Get canonical ID of account A

In [None]:
# Note: the client below does not use the temporary credentials from the assumed role,
# hence points to this account (account A)
s3 = boto3.client('s3')
can_a = s3.list_buckets()['Owner']['ID']
can_a

Get canonical ID of account B

In [None]:
# Note: the client below is the one created at the beginning of this notebook
# using the temporary credentials from the assumed role, 
# hence it points to account B
can_b = s3_client.list_buckets()['Owner']['ID'] 
can_b

In [None]:
training_set_csv_s3_key = None
for s3_object in s3_client.list_objects(Bucket=ATHENA_RESULTS_BUCKET)['Contents']:
    key = s3_object['Key']
    if key.startswith(f'query_results/{FEATURE_GROUP_NAME}') and key.endswith('csv'):
        print(f'Bucket = {ATHENA_RESULTS_BUCKET} | Key = {key}')
        training_set_csv_s3_key = key
        response = s3_client.put_object_acl(
            AccessControlPolicy={
                "Grants": [
                    {
                        'Grantee': {
                            'ID': can_a,
                            'Type': 'CanonicalUser'
                        },
                        'Permission': 'FULL_CONTROL'
                    }
                ],
                'Owner': {
                    'ID': can_b
                }
            },
            Bucket=ATHENA_RESULTS_BUCKET,
            Key=key,
        )

In [None]:
training_set_s3_path = f's3://{ATHENA_RESULTS_BUCKET}/{training_set_csv_s3_key}'
training_set_s3_path

#### Load Athena query result csv into a Pandas dataframe for model training

In [None]:
training_set = pandas.read_csv(training_set_s3_path)
training_set

### Scenario 2: WRITE features to an existing feature group  located in the centralized feature store (account B).
Here, let us see how to write features to a feature group that already exists in account B (centralized feature store). <br><br>
In notebook `account-b`, we had created a feature group named `customers` inside the centralized feature store. Let us now write a few records into this feature group from here (account A).

In [None]:
FEATURE_GROUP_NAME_IN_ACCOUNT_B = 'NAME OF EXISTING FEATURE GROUP IN ACCOUNT B' # e.g., customers

In [None]:
record = [{'ValueAsString': '1006', 'FeatureName': 'cid'},
 {'ValueAsString': 'farah', 'FeatureName': 'name'},
 {'ValueAsString': '45', 'FeatureName': 'age'},
 {'ValueAsString': 'married', 'FeatureName': 'marital_status'},
 {'ValueAsString': 'female', 'FeatureName': 'sex'},
 {'ValueAsString': 'houston', 'FeatureName': 'city'},
 {'ValueAsString': 'TX', 'FeatureName': 'state'},
 {'ValueAsString': str(int(round(time.time()))), 'FeatureName': 'created_at'}]

In [None]:
response = sagemaker_featurestore_runtime_client.put_record(FeatureGroupName=FEATURE_GROUP_NAME_IN_ACCOUNT_B, 
                                                            Record=record
                                                           )
print(response['ResponseMetadata']['HTTPStatusCode'])

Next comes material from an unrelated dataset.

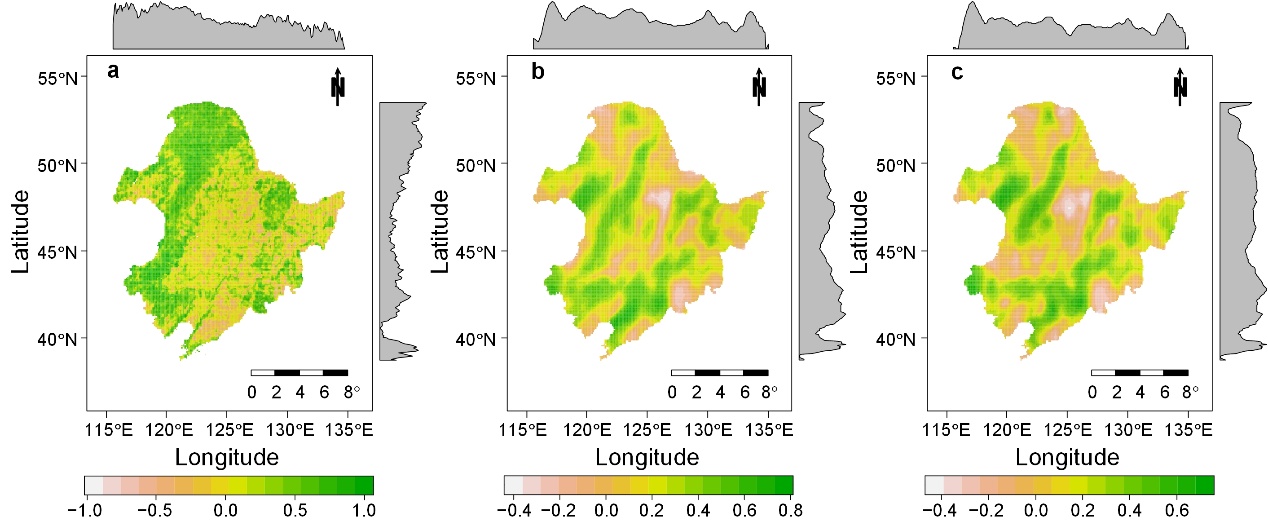图2 地形复杂度指数与不同生态变量之间局域相关性的空间分布,包括:(a)年水土流失量、(b)维管植物系统发育丰富度及(c)维管植物物种丰富度。

### Scenario 3: READ features from an existing feature group located in the centralized feature store (account B).

Here, let us see how we can READ a record (row of features) we just put into the `customers` feature group first. 
Later, we will also see how to READ a record that already exists in the `customers` feature group. This record was previously populated by account B in the notebook [account-b.ipynb](./account-b.ipynb).  

In [None]:
response = sagemaker_featurestore_runtime_client.get_record(FeatureGroupName=FEATURE_GROUP_NAME_IN_ACCOUNT_B, 
                                                            RecordIdentifierValueAsString='1006'
                                                           )
response

READ a record that already exists in the `customers` feature group.

In [None]:
response = sagemaker_featurestore_runtime_client.get_record(FeatureGroupName=FEATURE_GROUP_NAME_IN_ACCOUNT_B, 
                                                            RecordIdentifierValueAsString='1001'
                                                           )
response